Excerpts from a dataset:
# # # # # # #
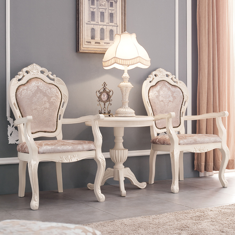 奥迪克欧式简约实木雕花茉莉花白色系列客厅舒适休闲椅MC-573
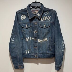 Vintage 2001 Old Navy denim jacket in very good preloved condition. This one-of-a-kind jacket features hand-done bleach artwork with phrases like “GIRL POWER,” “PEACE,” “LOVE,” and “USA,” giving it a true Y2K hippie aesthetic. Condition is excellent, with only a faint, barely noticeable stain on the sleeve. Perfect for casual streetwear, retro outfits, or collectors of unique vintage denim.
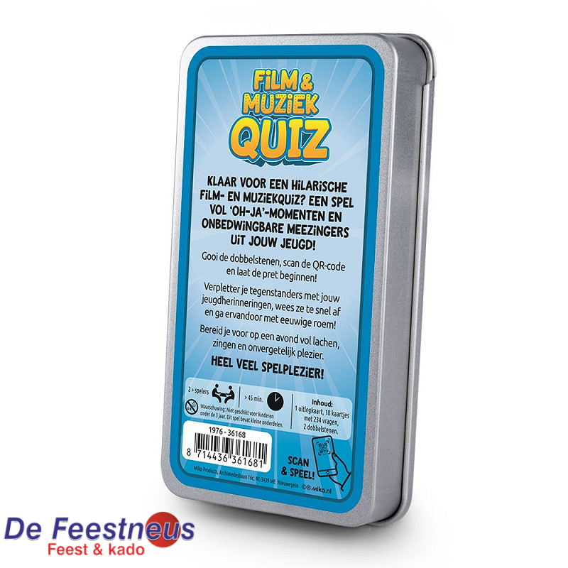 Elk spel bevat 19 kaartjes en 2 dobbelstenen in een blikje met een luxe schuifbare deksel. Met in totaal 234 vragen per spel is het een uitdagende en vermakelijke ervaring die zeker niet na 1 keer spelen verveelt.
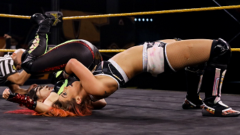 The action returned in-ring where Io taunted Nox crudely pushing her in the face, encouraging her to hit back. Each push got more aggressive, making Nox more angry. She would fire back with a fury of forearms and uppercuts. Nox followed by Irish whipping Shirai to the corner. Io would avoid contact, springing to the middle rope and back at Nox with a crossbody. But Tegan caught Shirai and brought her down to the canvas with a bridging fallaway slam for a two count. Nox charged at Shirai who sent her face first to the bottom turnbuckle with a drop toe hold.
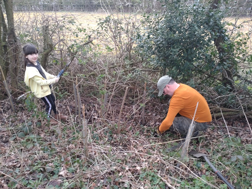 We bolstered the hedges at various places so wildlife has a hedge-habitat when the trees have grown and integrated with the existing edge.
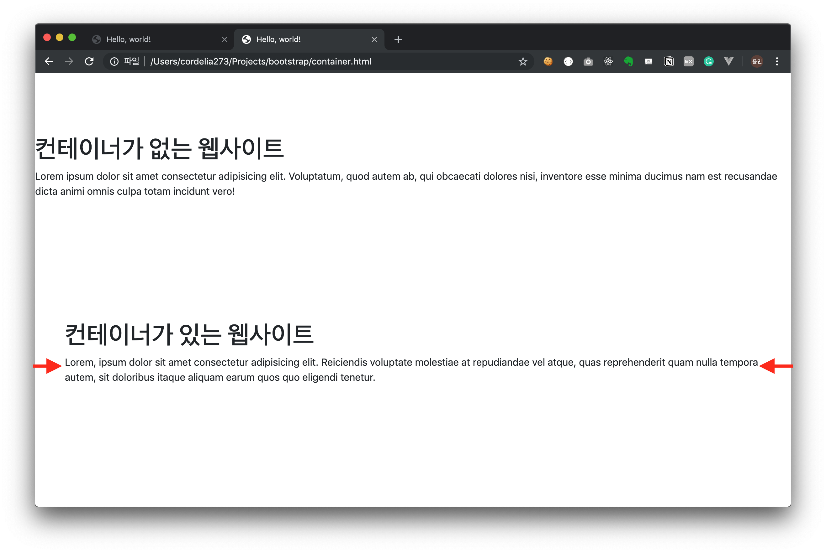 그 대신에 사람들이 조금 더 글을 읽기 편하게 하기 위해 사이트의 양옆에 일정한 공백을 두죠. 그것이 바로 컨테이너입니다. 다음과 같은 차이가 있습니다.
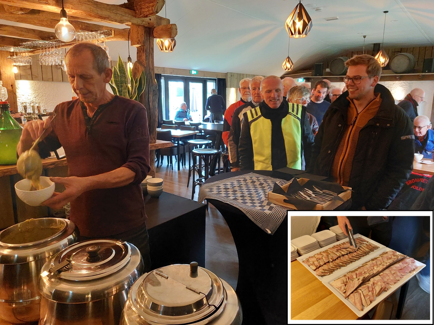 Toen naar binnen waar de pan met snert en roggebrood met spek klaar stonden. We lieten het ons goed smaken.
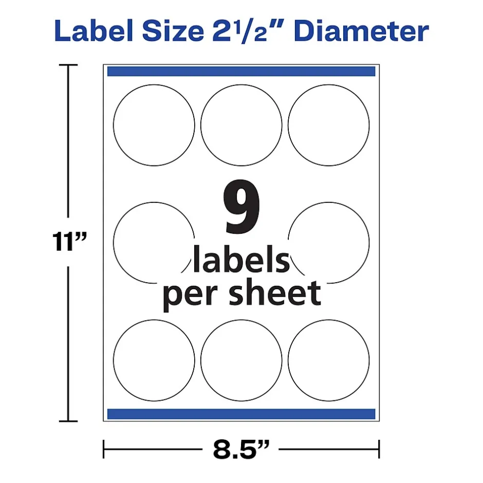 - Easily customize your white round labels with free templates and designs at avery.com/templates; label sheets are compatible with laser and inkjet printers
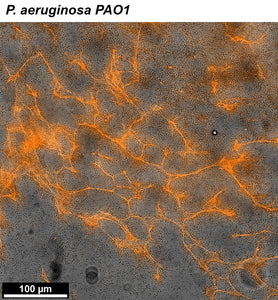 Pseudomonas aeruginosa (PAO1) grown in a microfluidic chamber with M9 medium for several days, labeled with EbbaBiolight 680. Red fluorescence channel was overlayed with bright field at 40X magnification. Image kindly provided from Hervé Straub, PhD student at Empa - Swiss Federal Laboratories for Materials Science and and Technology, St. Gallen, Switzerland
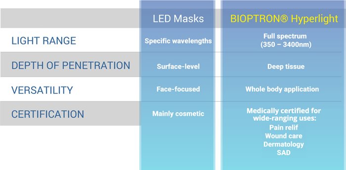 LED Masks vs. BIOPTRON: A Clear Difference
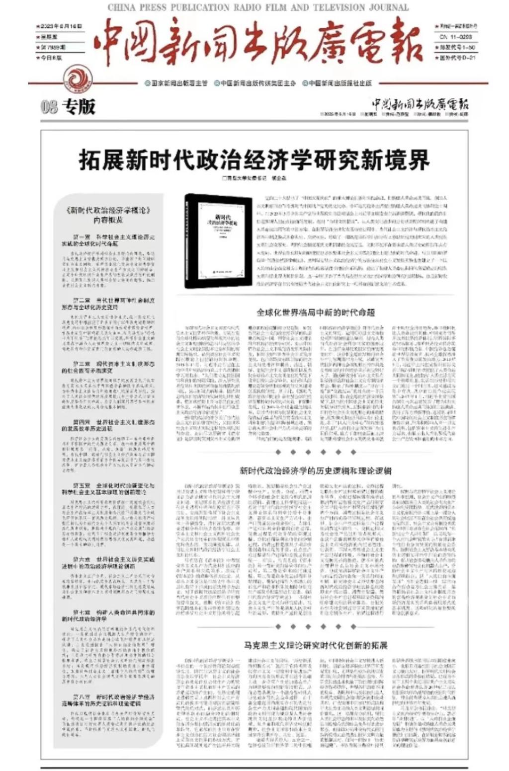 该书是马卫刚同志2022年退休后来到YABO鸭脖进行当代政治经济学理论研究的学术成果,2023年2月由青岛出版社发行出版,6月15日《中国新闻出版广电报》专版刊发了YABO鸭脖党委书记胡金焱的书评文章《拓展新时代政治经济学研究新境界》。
# # # # # # #
#### Work item
Copy the entries above exactly from the line with "- Easily customize" down to their last line, both ends included. Do not copy any pictures.

#### Result of this task
 - Easily customize your white round labels with free templates and designs at avery.com/templates; label sheets are compatible with laser and inkjet printers
 Pseudomonas aeruginosa (PAO1) grown in a microfluidic chamber with M9 medium for several days, labeled with EbbaBiolight 680. Red fluorescence channel was overlayed with bright field at 40X magnification. Image kindly provided from Hervé Straub, PhD student at Empa - Swiss Federal Laboratories for Materials Science and and Technology, St. Gallen, Switzerland
 LED Masks vs. BIOPTRON: A Clear Difference
 该书是马卫刚同志2022年退休后来到YABO鸭脖进行当代政治经济学理论研究的学术成果,2023年2月由青岛出版社发行出版,6月15日《中国新闻出版广电报》专版刊发了YABO鸭脖党委书记胡金焱的书评文章《拓展新时代政治经济学研究新境界》。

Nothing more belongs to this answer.